Sherrilyn Maddox stayed well within the jagged hole in the roof of the gutted church that overlooked the Palazzo Paganica. She saw a light appear in the second story window of the Ghetto-hugging house that she had been watching for the last fifteen minutes. She turned to face the dark behind her. “We’re on,” she hissed at the rest of the Wrecking Crew, whom she could barely make out. “Push those ladders over the street and get them snug on the roof of the Palazzo Paganica. Felix, Paul, you’re the lightest, so you go over first and secure them in place. Then Gerd, you start on your way; you have a lot of roofs to scramble across.”
“Yes, but they are flat, so they are easy.”
Sherrilyn smiled. “If you say so. Let’s move.”
Owen Roe O’Neill tapped the earl of Tyrone on his thick, sturdy shoulder and pointed to the yellow glow in the signal window. “First light,” he muttered.
John nodded, and turned to his assault team: all the Wild Geese and a half dozen of the oldest lefferti. They had spent most of the day in this street-accessed storeroom, located just north of the fountain where Juliet had begun the Broken Handle Riot. “Weapons ready, lads. And stand to stretch your legs. Starting in five minutes, we’ll be running and fighting without rest until we’ve left Rome behind us.”
The knock on the door was not the dinner Frank had been expecting; it was Don Vincente Jose-Maria de Castro y Papas. In armor.

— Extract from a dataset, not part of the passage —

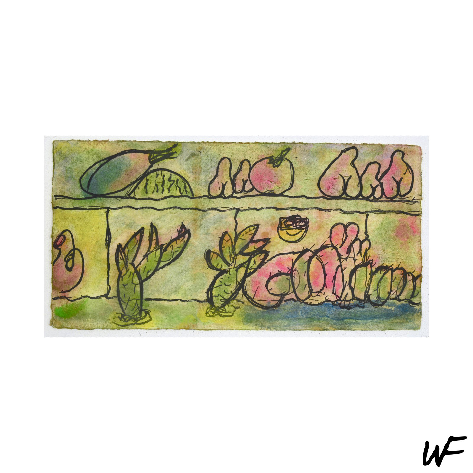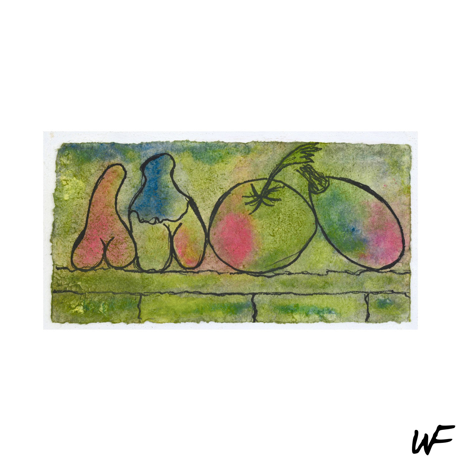 DE / Eine Serie von Gemälden, die an der Grenze zwischen Figürlichkeit und organischer Abstraktion balancieren. Die Werke sind ein visuelles Spiel mit Formen – appetitlich, prall, eindeutig und zugleich mehrdeutig. Ihre rosa-grüne Farbpalette und die vereinfachten Konturen erinnern an überreifes Obst – fast platzend vor Saft und bereit zum Pflücken.
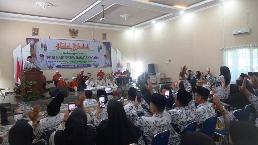 BANJARNEGARA – Suasana Halal Bihalal Keluarga Besar PGRI Banjarnegara mendadak berubah menjadi hangat dan penuh semangat saat Wakil Bupati Banjarnegara, Wakhid Jumali, memimpin lantunan sholawat di hadapan ratusan peserta, Sabtu (28/3/2026).

“Signor Stone.” His voice was very different from when they went on their now habitual garden walks. “It truly pains me to disturb you and your radiant wife at this late hour, but I am afraid I must intrude.”
“Vincente, what is-?”
Giovanna must have heard something he had missed. “Frank, my love, do not ask questions; let him in. And come here, to me.”
Frank looked at Don Vincente, who would not look him in the eye. Standing aside, Frank asked, “What’s wrong? Is-?”
“All is well, Signor Stone. A mild disturbance in the street.”
“Sounds more like a riot, to me,” Giovanna offered from the doorway of their bedroom, her dark eyes lightless but tracking Vincente around the room as he inspected it for-for what?
“Is it? A riot, that is?” Frank asked.
“What? Yes, yes it seems so.”
“A shortage of food? A new round of executions?” Giovanna had folded her arms and stood planted in the space between the rooms. “A toddler trampled under the hoofs of Spanish horses?”
Don Vincente did not look at her directly as he retracted the wick of the room’s oil lamp, dimming the light. “A scuffle over drawing water from the fountain. A minor nuisance. It will pass quickly.”
“Yes, no need to worry about Italians, eh? An easily routed rabble.”
Now Don Vincente looked at her. “Signora, of this, be sure: I have never said, or thought, such a thing. Only a fool discounts the anger and resolve of patriots seeking to liberate their homeland.”
If that did not mollify Giovanna, it was at least so blunt an admission that it momentarily took the wind out of her sails.
Frank however, had a new topic of conversation he wanted to pursue. “So Don Vincente, I wonder if you could explain something.”
“Certainly, Signor Stone.”
“If the riot is just a minor nuisance that will pass quickly, why are you here?”
Vincente looked up at him and sighed. “Because those are my orders.”
In the hall just outside their suite, Frank heard movement: men in equipment, jostling lightly against each other. He looked in that direction; Sergeant Ezquerra was now standing in the doorway, hand on the hilt of his sword. That worthy shrugged when both he and Giovanna looked at him, and the accompanying smile was so brittle that Frank thought his face might break into a shower of terra-cotta pieces.
Frank turned back toward Vincente, pointed. “And he has the same orders? Along with the dozen or so others I can hear behind him?”